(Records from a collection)
--------------------
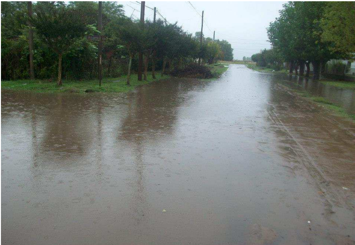
Inundación sufrida en Abril del 2013.
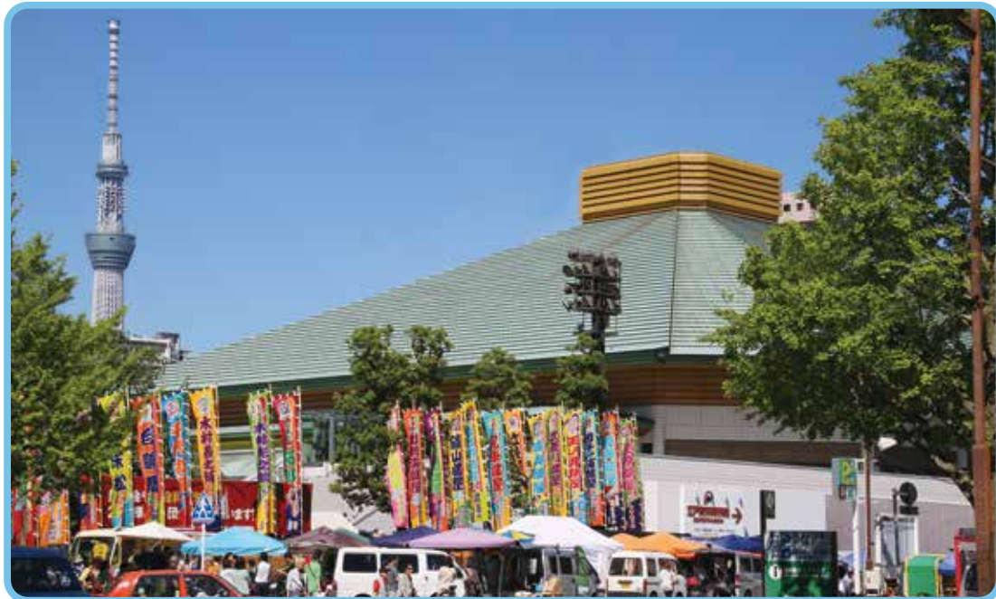
両国国技館(墨田区)
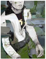
VERDURE , 2015 Huile sur toile 160 x 130 cm
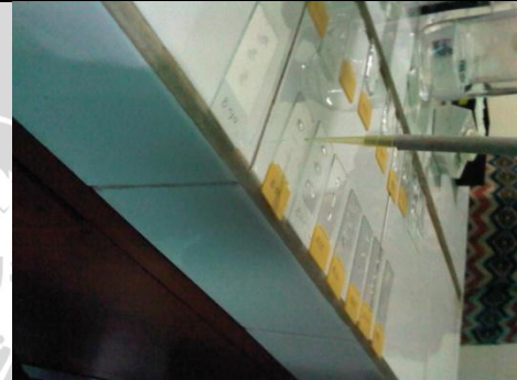
Gambar 4. Pemberian Xylool
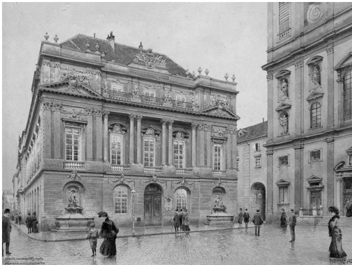
PLAZA DE LA UNIVERSIDAD DE VIENA, ACADEMIA DE LAS CIENCIAS. Richard Moser, 1905. Acuarela.

De esta manera, Riegl propone frente a los valores nacionales, uno universal humano basado en el valor de edad, que puede ser aprehendido por todos los sujetos mediante una experiencia emotiva. Como se ha señalado, el valor de edad tiene una fuerte carga escatológica, a la cual Riegl le añade una dimensión ontológica en tanto que los monumentos “nos parecerán como una parte de nuestra existencia, pero no de la existencia nacional, sino de aquella humana” (Riegl, 2018: 65).
--------------------
**What you should do:**
What's needed here is an exact repeat of all the records above, pictures excluded.

**Answer to this problem:**
Inundación sufrida en Abril del 2013.
両国国技館(墨田区)
VERDURE , 2015 Huile sur toile 160 x 130 cm
Gambar 4. Pemberian Xylool
PLAZA DE LA UNIVERSIDAD DE VIENA, ACADEMIA DE LAS CIENCIAS. Richard Moser, 1905. Acuarela.

De esta manera, Riegl propone frente a los valores nacionales, uno universal humano basado en el valor de edad, que puede ser aprehendido por todos los sujetos mediante una experiencia emotiva. Como se ha señalado, el valor de edad tiene una fuerte carga escatológica, a la cual Riegl le añade una dimensión ontológica en tanto que los monumentos “nos parecerán como una parte de nuestra existencia, pero no de la existencia nacional, sino de aquella humana” (Riegl, 2018: 65).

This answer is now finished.